Natural beauty is not limited to mountains, coastal vistas, pine forests, geological sites, or lakes and rivers. Many highway users discern more aesthetic satisfaction and simple pleasure in viewing an autumnal roadside of prairie flowers and grasses than we have yet been able to measure, or value. Interesting roadsides also help keep highway users alert and attentive, providing for greater safety. Protecting that beauty and interest makes better sense than needlessly destroying it.

We should also carefully consider our efforts to change or "improve the roadsides". Roadsides naturally change, from season to season and from year to year. Yet, arbitrary and artificial changes to roadsides are usually more detrimental, violent, and disruptive than natural changes. Instead of improving roadsides, we disturb and destroy their intrinsic natural beauty.

While we can mimic nature when landscaping construction areas, we have yet to master the inner workings of nature. Nature is not only much too complex for us to reproduce, it is unique and irreplaceable. Unlike growing manicured turf grass, replicating natural areas is more costly than simply protecting them.

This is not to say that "nature knows best," but rather that it is extremely arrogant to say that highway engineers, managers or mower operators know best. For example, chemical mowing — once touted as being far less disruptive to the roadsides and more economical than the mowers it replaced — results in the virtually unrestrained spread of some noxious and problem weeds. Basing decisions on poor or incomplete science and ignoring clear evidence insults our common sense.

However, the most profound reasons to protect the beauty, stability and integrity of the roadside plant community are, quite simply, because we can and because it makes sense. In some cases, roadside weeds may do as good a job of preventing soil erosion or other tasks as natives, but we should prefer native plants because they are native. It's the right thing to do, irrespective of the practical or prudent thing to do. We should preserve, protect, and encourage the planting of native plants as a matter of biotic right — and because we love them for what they are in themselves.

Yet, as Leopold also reminded us, "A land ethic of course cannot prevent the alteration, management and use of these 'resources', but it does affirm their right to continued existence, and, at least in spots, their continued existence in a natural state." This means that we must realize that turning our roadsides into highly eroded, barren or weed-infested waste lands, or dump sites for leftover construction materials not only makes very little sense, but also is simply wrong.
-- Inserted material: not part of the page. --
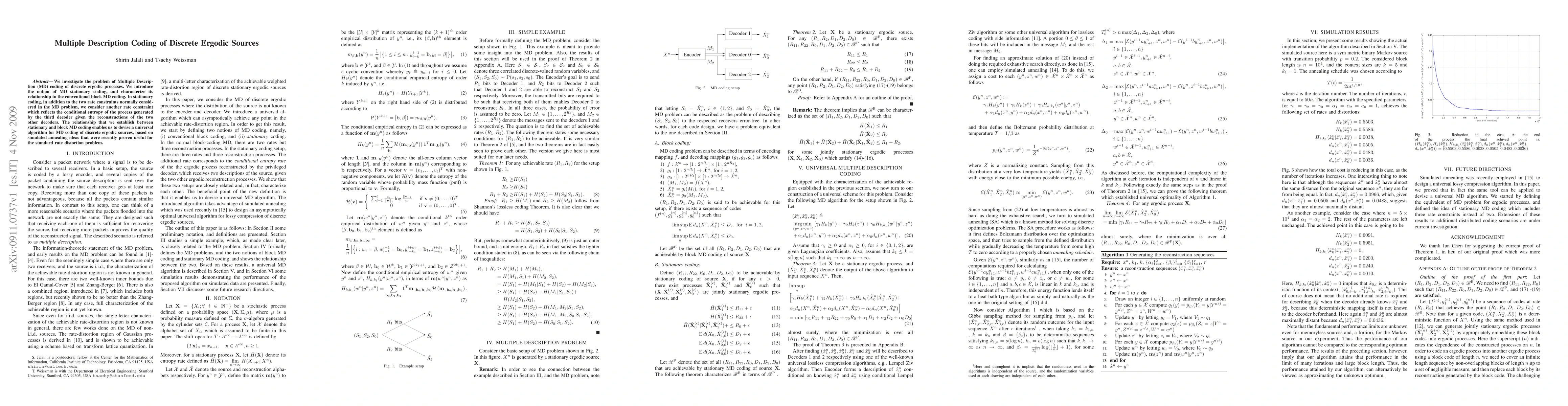 We investigate the problem of Multiple Description (MD) coding of discrete ergodic processes. We introduce the notion of MD stationary coding, and characterize its relationship to the conventional block MD coding. In stationary coding, in addition to the two rate constraints normally considered in the MD problem, we consider another rate constraint which reflects the conditional entropy of the process generated by the third decoder given the reconstructions of the two other decoders. The relationship that we establish between stationary and block MD coding enables us to devise a universal algorithm for MD coding of discrete ergodic sources, based on simulated annealing ideas that were recently proven useful for the standard rate distortion problem.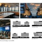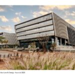 The elevated retail podium provides a second layer of response. The brief demanded not only workplace and commercial efficiency but also the creation of a vibrant public realm that would anchor the precinct. The sculptural podium, clad in stone and articulated with angular planters and stairways, rises above street level to form a secure, active, and pedestrian-friendly environment. It houses an anchor tenant alongside smaller pods, ensuring a mix of scales and activities. The integration of landscaped terraces and gardens further enhances its accessibility and vitality, while a two-level subterranean parking garage resolves the challenge of accommodating large volumes of vehicles discreetly and efficiently.

Since Leopold, our understanding of roadside management has developed immeasurably, both as a science and as an art. Recognizing our roadsides as valuable treasures and incorporating Leopold's land ethic in our roadside management decisions goes a long way towards following a roadside land ethic that makes sense. Protecting the utility, beauty, and intrinsic value of our roadside biota remains our responsibility. It's the only management decision that makes sense.